Anal Chem. 2008 Apr 15;80(8):3007-15. doi: 10.1021/ac7023393. Epub 2008 Mar 18.
An improved method of detection of multiphosphorylated peptides by RPLC-MS/MS analysis under low pH conditions (pH approximately 1.7, 3% formic acid) is demonstrated for the model phosphoproteins, bovine alpha- and beta-casein. Changes in the pH conditions from normal (pH approximately 3.0, 0.1% formic acid) to low (pH approximately 1.7, 3% formic acid) significantly improved the detection limit of multiphosphorylated peptides carrying negative (-) solution charge states. In particular, bovine beta-casein tetraphosphorylated peptide, was detected with a loading amount of only 50 fmol of trypsin-digested bovine beta-casein under low pH conditions, which is 200 times lower than necessary to detect the peptide under normal pH conditions. In order to understand the low pH effect, various loading amounts of trypsin-digested bovine alpha- and beta-caseins were analyzed by RPLC-MS/MS analyses under two different pH conditions. The question of whether the low pH condition improves the detection of multiphosphorylated peptides by increasing ionization efficiencies could not be proven in this study because synthetic multiphosphorylated peptides could not be easily obtained by peptide synthesis. Interestingly, increased hydrophilicity resulting from multiple phosphorylation events is shown to negatively affect the peptide retention on reversed-phase column material. It was also demonstrated that the low pH condition could effectively enhance the retention of multiphosphorylated peptides on reversed-phase column material. The usefulness of low pH RPLC analysis was tested using an actual phosphopeptide-enriched sample prepared from mouse brain tissues. Previously, low pH solvents have been used in SCX fractionation and TiO2 enrichment processes to selectively enrich phosphopeptides during the phosphopeptide enrichment procedure, but the improved detection of multiphosphorylated peptides in RPLC-MS/MS analysis under low pH conditions has not been reported before (Ballif, B. A.; Villen, J.; Beausoleil, S. A.; Schwartz, D.; Gygi, S. P. Mol. Cell. Proteomics 2004, 3, 1093-1101. Villen, J.; Beausoleil, S. A.; Gerber, S. A.; Gygi, S. P. Proc. Natl. Acad. Sci. U.S.A. 2007, 104, 1488-1493. Schlosser, A.; Vanselow, J. T.; Kramer, A. Anal. Chem. 2005, 77, 5243-5250.).

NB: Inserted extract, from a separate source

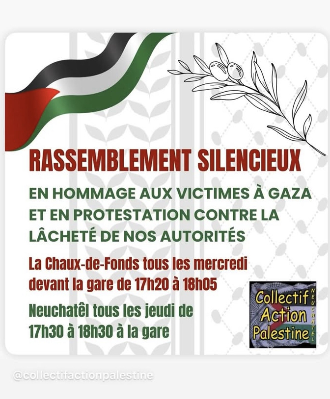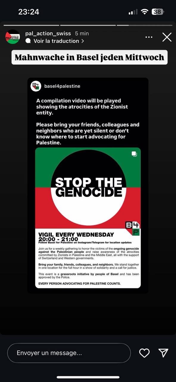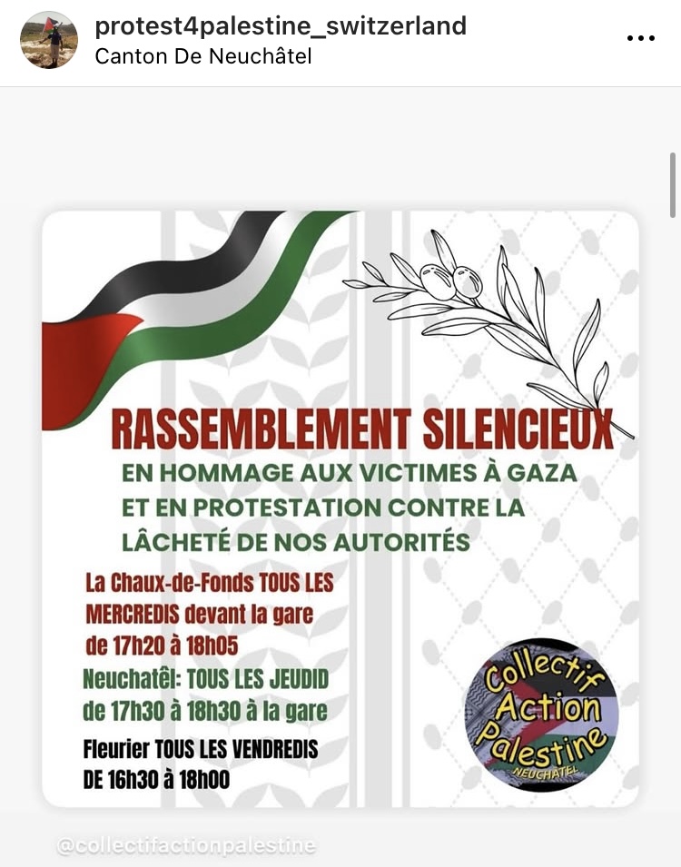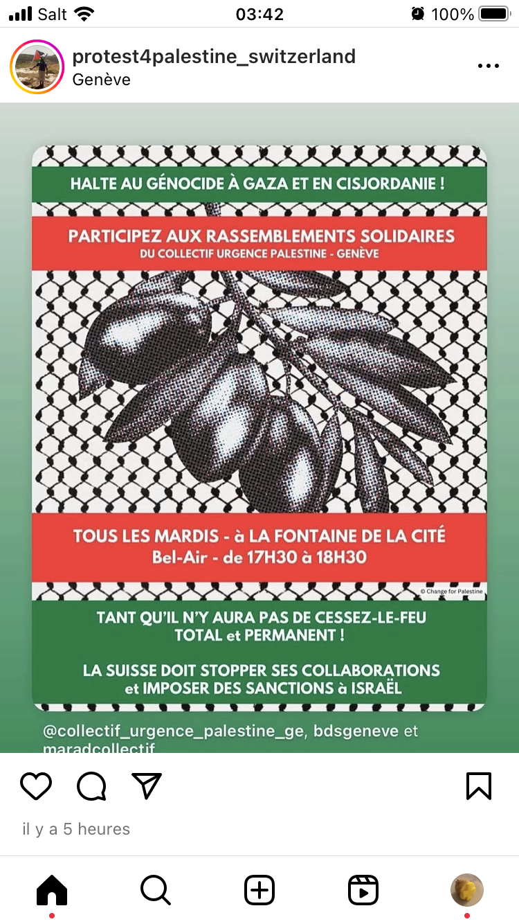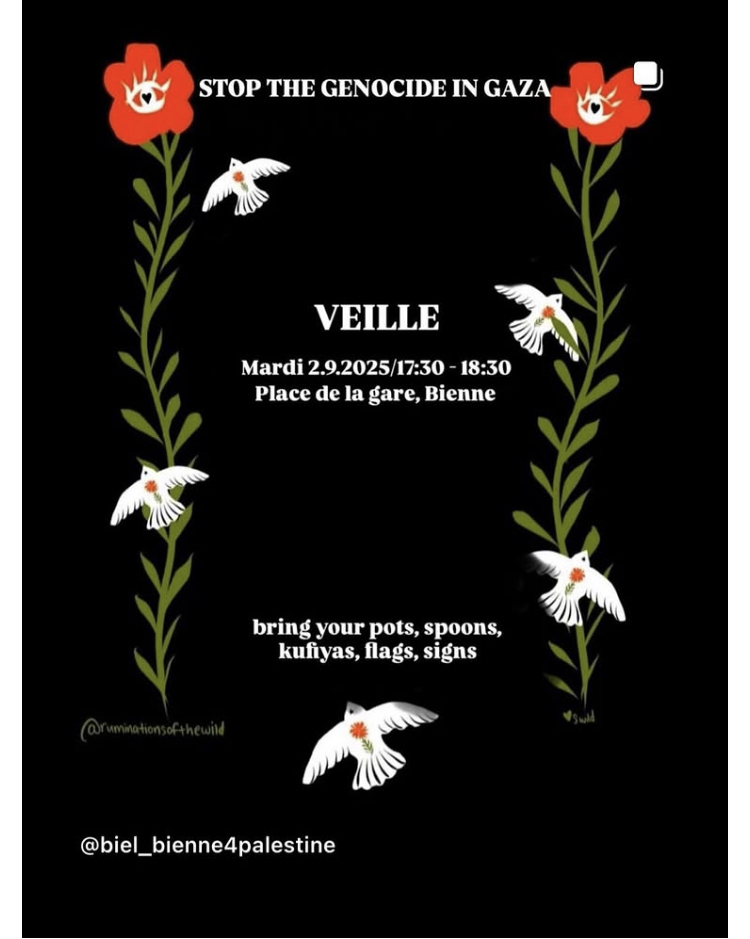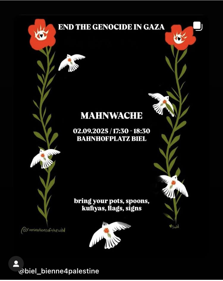 - weekly: basel, mahnwache am mittwoch, 20:00 - 21:00, folge Basel for Palestine auf Telegram oder IG für Infos zum Ort

本文展示了一种改进的方法,用于在低pH条件(pH约为1.7,含3%甲酸)下通过反相液相色谱-串联质谱(RPLC-MS/MS)分析检测多磷酸化肽段,以牛α-酪蛋白和β-酪蛋白这两种模型磷蛋白为例。pH条件从正常(pH约为3.0,含0.1%甲酸)变为低pH(pH约为1.7,含3%甲酸)时,显著提高了携带负(-)溶液电荷状态的多磷酸化肽段的检测限。特别是,在低pH条件下,仅加载50 fmol经胰蛋白酶消化的牛β-酪蛋白就能检测到牛β-酪蛋白四磷酸化肽段,这比在正常pH条件下检测该肽段所需的量低200倍。为了理解低pH的影响,在两种不同pH条件下,通过RPLC-MS/MS分析对不同加载量的经胰蛋白酶消化的牛α-酪蛋白和β-酪蛋白进行了分析。由于无法通过肽合成轻易获得合成多磷酸化肽段,因此在本研究中无法证明低pH条件是否通过提高电离效率来改善多磷酸化肽段的检测。有趣的是,多次磷酸化事件导致的亲水性增加对肽段在反相柱材料上的保留产生了负面影响。研究还表明,低pH条件可以有效增强多磷酸化肽段在反相柱材料上的保留。使用从小鼠脑组织制备的实际富含磷酸肽的样品测试了低pH RPLC分析的实用性。此前,低pH溶剂已用于强阳离子交换(SCX)分级分离和二氧化钛富集过程,以便在磷酸肽富集程序中选择性富集磷酸肽,但此前尚未报道在低pH条件下的RPLC-MS/MS分析中多磷酸化肽段检测的改善情况(Ballif, B. A.; Villen, J.; Beausoleil, S. A.; Schwartz, D.; Gygi, S. P. Mol. Cell. Proteomics 2004, 3, 1093 - 1101. Villen, J.; Beausoleil, S. A.; Gerber, S. A.; Gygi, S. P. Proc. Natl. Acad. Sci. U.S.A. 2007, 104, 1488 - 1493. Schlosser, A.; Vanselow, J. T.; Kramer, A. Anal. Chem. 2005, 77, 5243 - 5250.)。